Dad spent almost half an hour studying Tom’s discovery.

«Well, it’s not like Earth is now,» he said at last, «but Earth had a lot of methane in its atmosphere a few billion years ago.»

«It did?» Tom brightened a little.

«Yes, back when life first began on our world.»

«So this world is like ours was, way back then?»

«Perhaps,» his father said. «You’ve made a real discovery, Thomas. This is the first world we’ve found that could become Earthlike, in a few billion years. By studying this world we might be able to learn a lot more about our own.»

«Really?»

Dad was grinning broadly now. «We’ll have to write a paper for the journal about this.»

«We? You mean, us?»

«You made the discovery, didn’t you? Daniels and Daniels, coauthors.»

«Wow!»

The two of them worked side by side for several more hours, using the telescope’s sensors to measure as much as they could about this distant new world.

Finally, as the morning shift started coming into the center, Tom asked, «Have you ever made a big discovery, Dad?»

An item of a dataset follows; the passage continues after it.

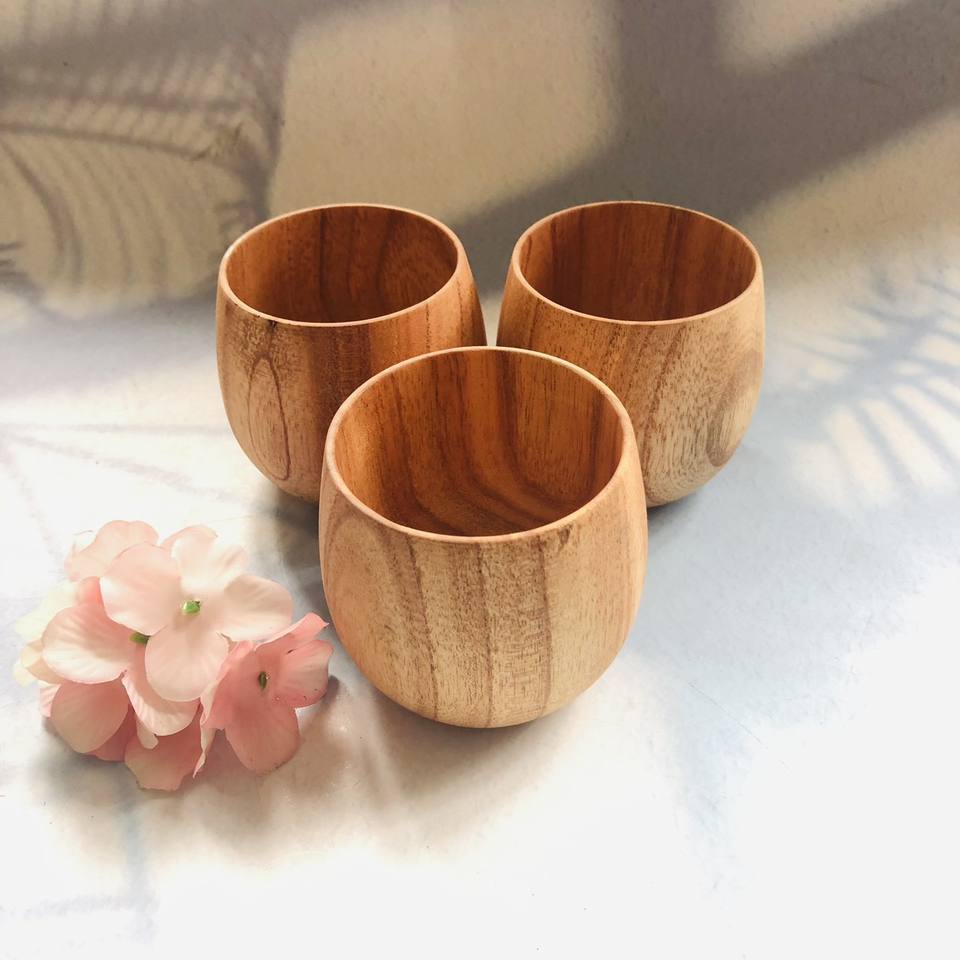 ถ้วยดื่มทำด้วยมือทำจากไม้ธรรมชาติพร้อมโลโก้ที่กำหนดเองถ้วยไม้จากเวียดนาม

His father shook his head and smiled sorrowfully. «Can’t say that I have, Tom. I’ve put my whole life into astronomy, but I’ve never made what you could call a big discovery.»

Tom nodded glumly.

«But here you are, fifteen years old, and you’ve already made a significant discovery. You’re going to make a fine astronomer, my boy.»

«I don’t know if I want to be an astronomer,» Tommy said.

His father looked shocked. «Why not?»

«I don’t know,» said Tom. «I was lucky tonight, I guess. But is it really worth all the work? Night after night, day after day? I mean, you’ve spent your whole life being an astronomer, and it hasn’t made you rich or famous, has it?»

«No, it hasn’t,» his father admitted.

«And it keeps you away from Mom and us kids a lot of the time. Far away.»

«That’s true enough.»

«So what good is it? What does astronomy do for us?»

Dad gave him a funny look. Getting up from the computer, he said, «Let’s take a walk outside.»

«Outside?» That surprised Tom.

He followed his father down the bare concrete corridor and they struggled into their outdoor suits.

«Science is like a great building, Tom,» Dad said as he opened the inner hatch. «Like a cathedral that’s still being built, one brick at a time. You added a new brick tonight.»

«One little brick,» Tom mumbled.

«That’s the way it’s built, son. One little brick adds to all the others.»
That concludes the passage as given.